Kwarteng’s description of his dismissal as “Trumpian” may draw comment given Truss’s high-profile attempt to profile on the far right of American politicsamid Trump’s third presidential campaign.

Quarteng will leave parliament in the next elections due this year. Sunak’s government is struggling in the polls, expected to lose power to Labour. But Kwarteng had a warning for the prime minister about a threat to his right.

Saying there won’t be removed the whip from Lee Andersonthe former Conservative Party deputy leader who made allegedly Islamophobic comments about London Mayor Sadiq Khan, Kwarteng said Anderson’s new party, the hard-right Reform UKposed a threat to Sunak.

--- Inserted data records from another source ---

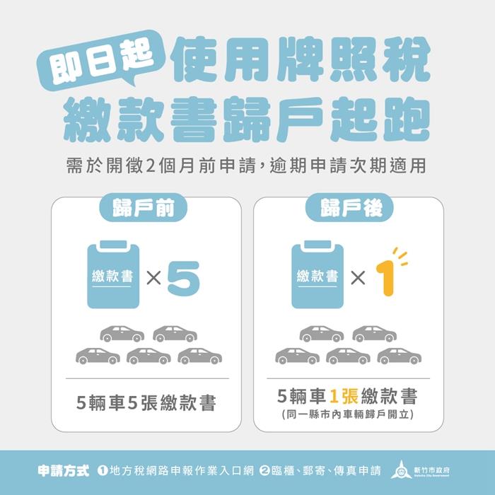 多部車輛一張稅單就搞定! 竹市牌照稅申請歸戶一次繳超便利
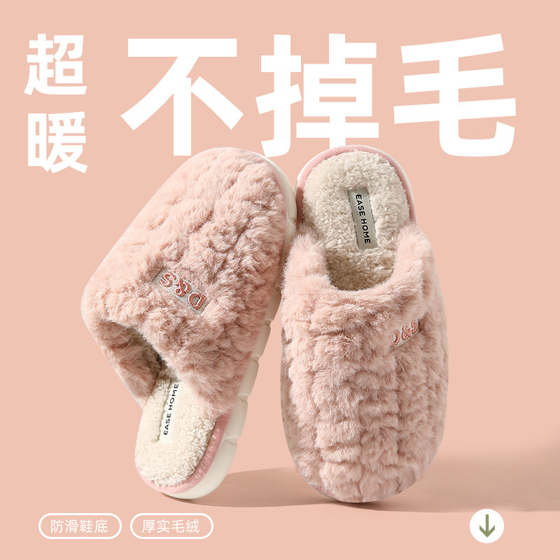 买一送一棉拖鞋女情侣秋冬季室内家居防滑厚底踩屎感保暖毛拖鞋男
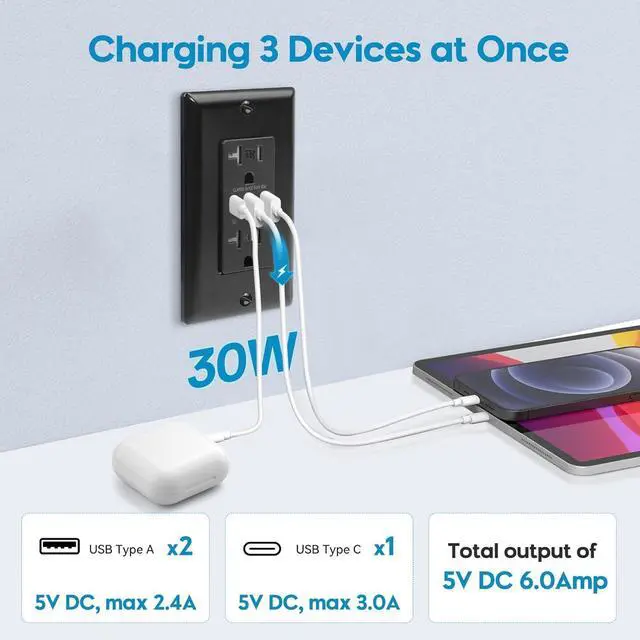 MULTI-PORTS CHARGING - In-wall 3-Port USB charging outlets with output of 5V DC 3.0A USB Type-C Port and 5V DC 2.4A USB Type-A Port (Total 6.0A / 30W Maximum Output); Perfect for Family Charging Needs
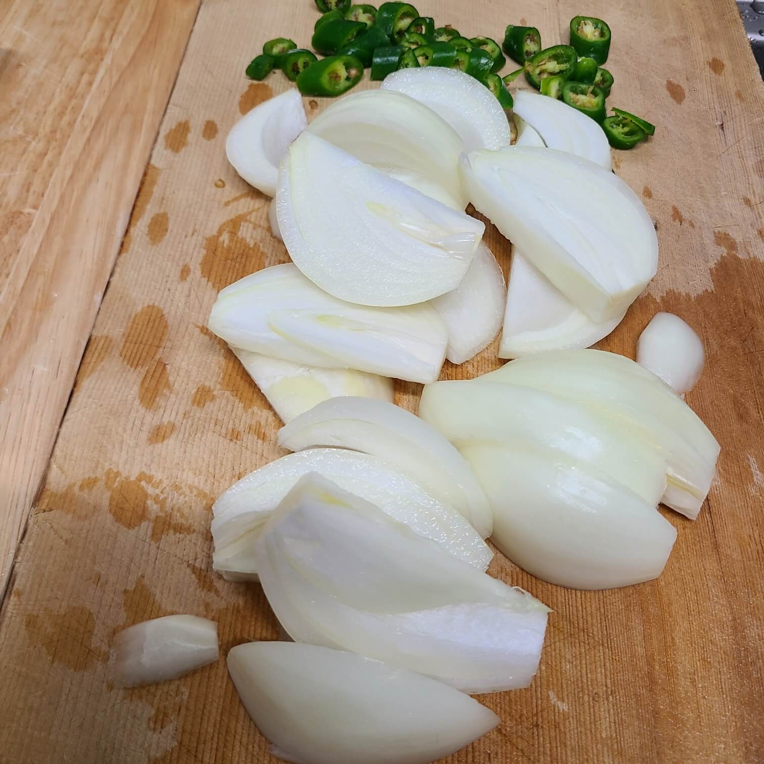 2.  양파1개는 두껍게 채 썰어주면 되고, 청양고추를 쏭쏭 썰기로 해서 준비해 주시면 됩니다.
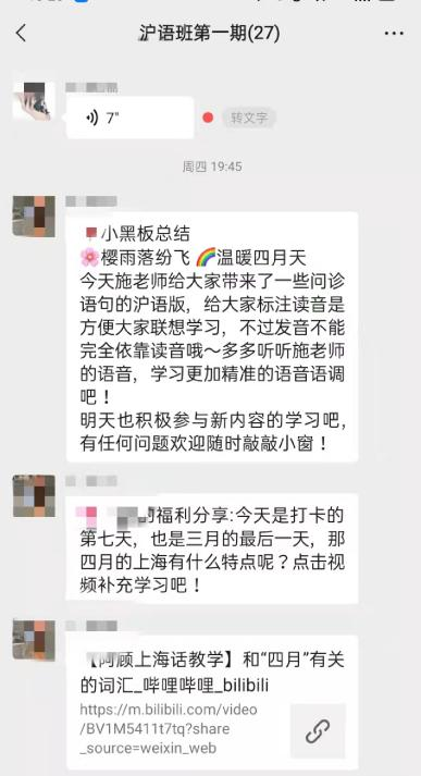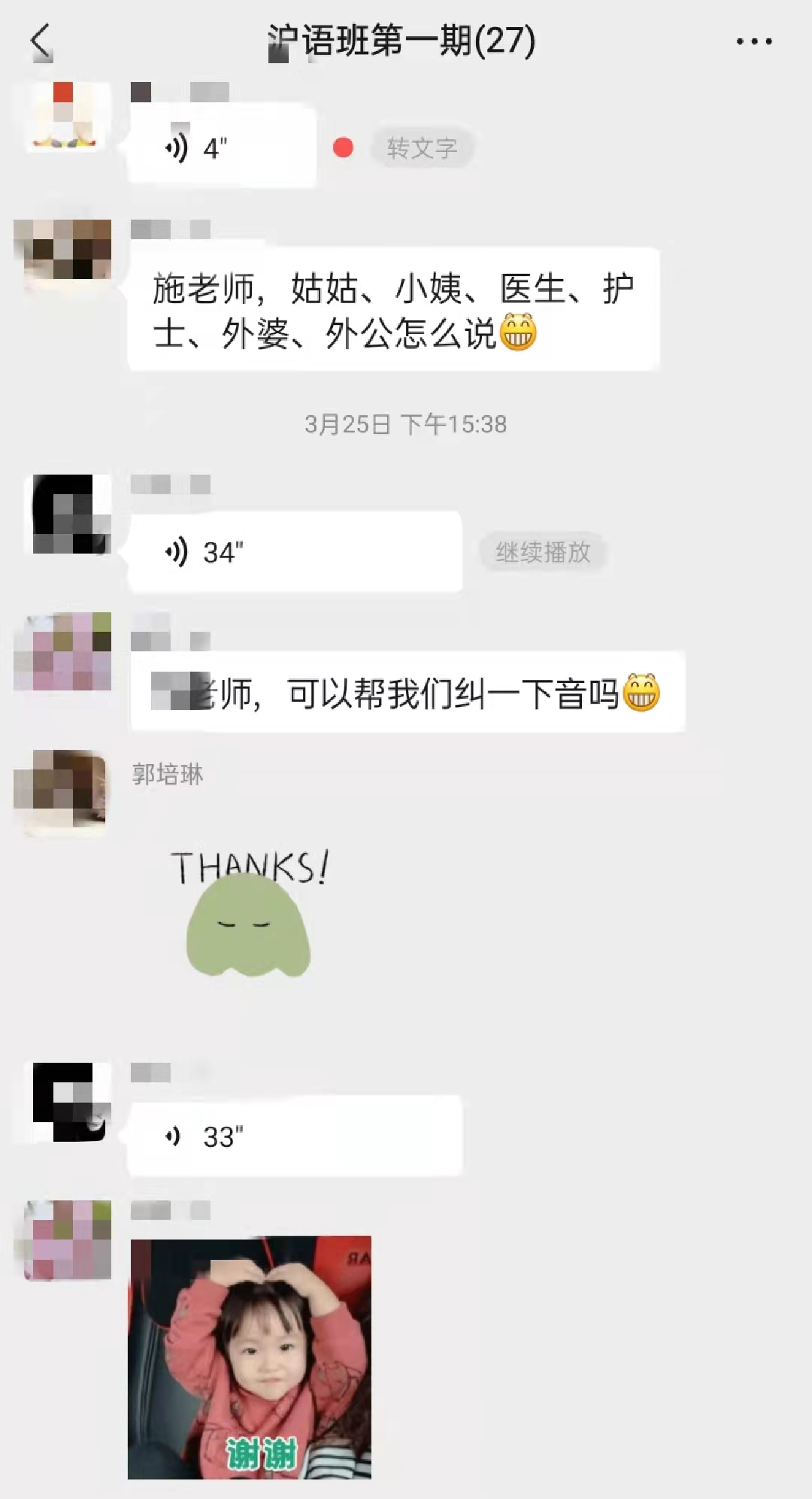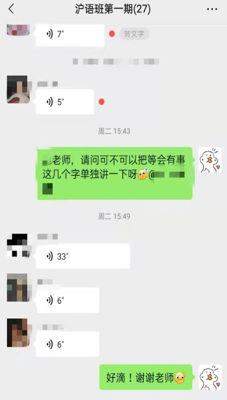 同学们担心是否与校内课程或公司活动冲突?完全不用担心!沪语班课堂采用“随听随学”的教授形式。老师会把每人所学的文字版与语音版发到群里,同学们可以自行安排学习时间,更有老师线上答疑拓展。
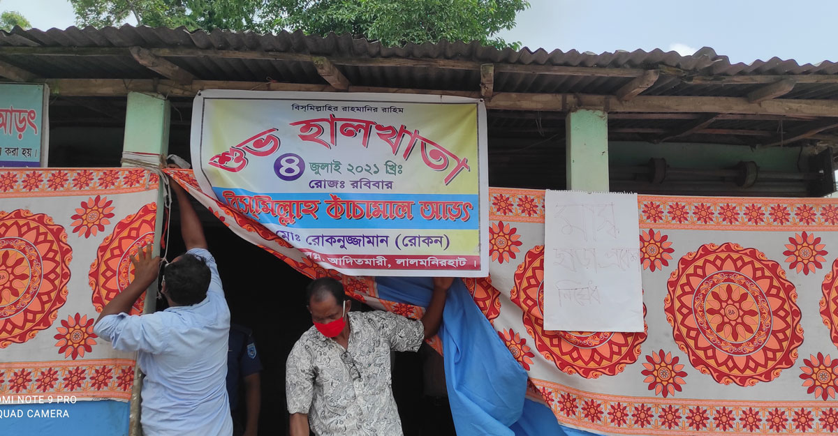 সরকারি বিধিনিষেধ উপেক্ষা করে লালমনিরহাট-বুড়িমারী মহাসড়কের পাশে ‘বিসমিল্লাহ কাঁচামাল আড়ৎ’ নামের এক দোকানে হালাখাতার আয়োজন করেছেন মালিক রোকনুজ্জামান রোকন। বিষয়টি জানতে পেরে জেলা প্রশাসনের নির্বাহী ম্যাজিস্ট্রেট মো. মাহবুবার রহমান তা বন্ধ করে দেন।
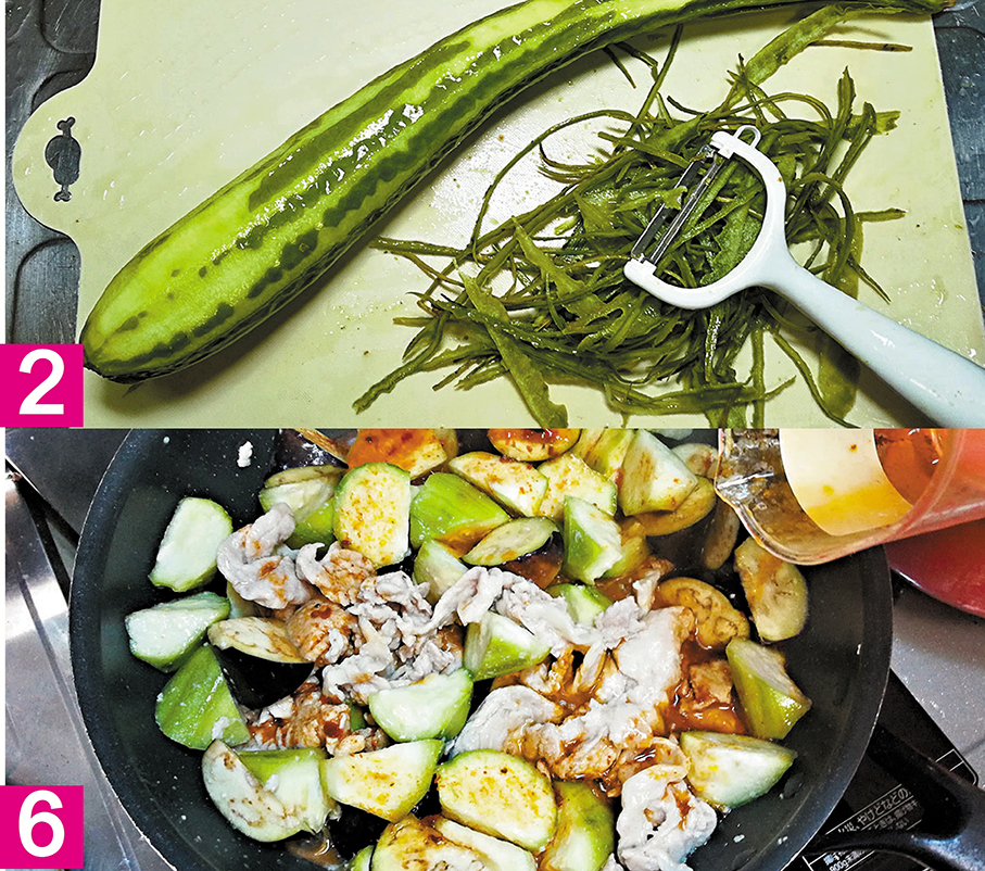 6. 將肉色轉白的薄切豬肉推向鑊周邊,將切妥的勝瓜及茄子置入鑊中央,注入調味,蓋上鑊蓋,大火加熱約1分鐘;
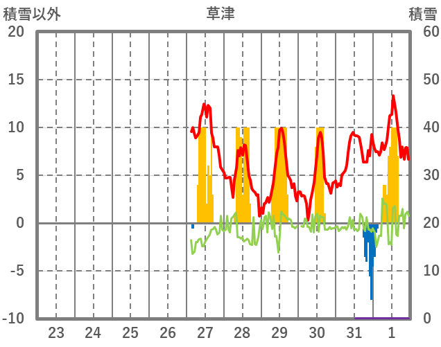 | 日 | 時 | 気温 | 降水 | 風向/風速 | 日照 | 積雪 | 降雪 |
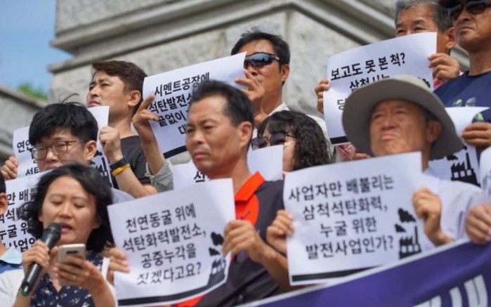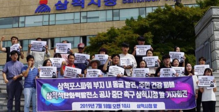 18일 오전 10시 삼척시청 앞에서 삼척석탄화력발전소반대투쟁위원회, 기후솔루션, 그린피스, 기후결의, 기후소송단, 녹색연합, 녹색법률센터 소속 활동가와 회원, 삼척시민 30명이 기자회견을 통해 삼척포스파워석탄화력발전소 동굴 발견에 따른 정밀조사 기간동안 전면 공사중단해야 마땅하고 이와 함께 사업에 따른 중대한 오류가 있다는 점에서 전면 재검토해야 한다고 촉구했다.
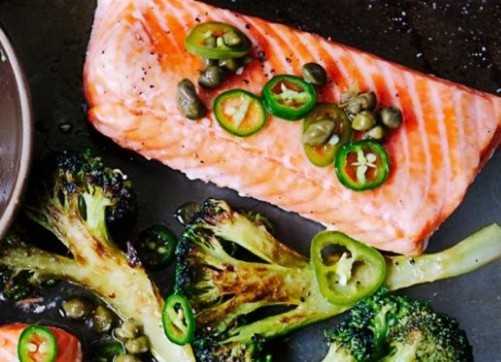 Πεντανόστιμος σολομός με ψητό μπρόκολο και βινεγκρέτ κάπαρης
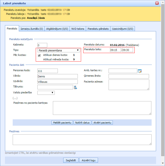 • Klikšķinot pogu „Labot pierakstu” atveras forma “Labot pierakstu” ar iespēju veikt labojumus (laiks, tips, kvota, komentārs utml.).

“I think they are a big problem,” Kwarteng said, although he said he did not think Reform would win seats at Westminster given Britain’s lack of proportional representation.

Kwarteng said: “All over the western world you have centre-right parties that are quite vulnerable to the more right-wing parties … on issues of identity, immigration and other social issues.

“We [the Conservatives] we were under 20 when I left office and when Liz Trust left office and today we are under 20. And the reason why we don’t seem to have made any progress in these 18 months, I think, can be largely explained by this phenomenon, this Reform Party.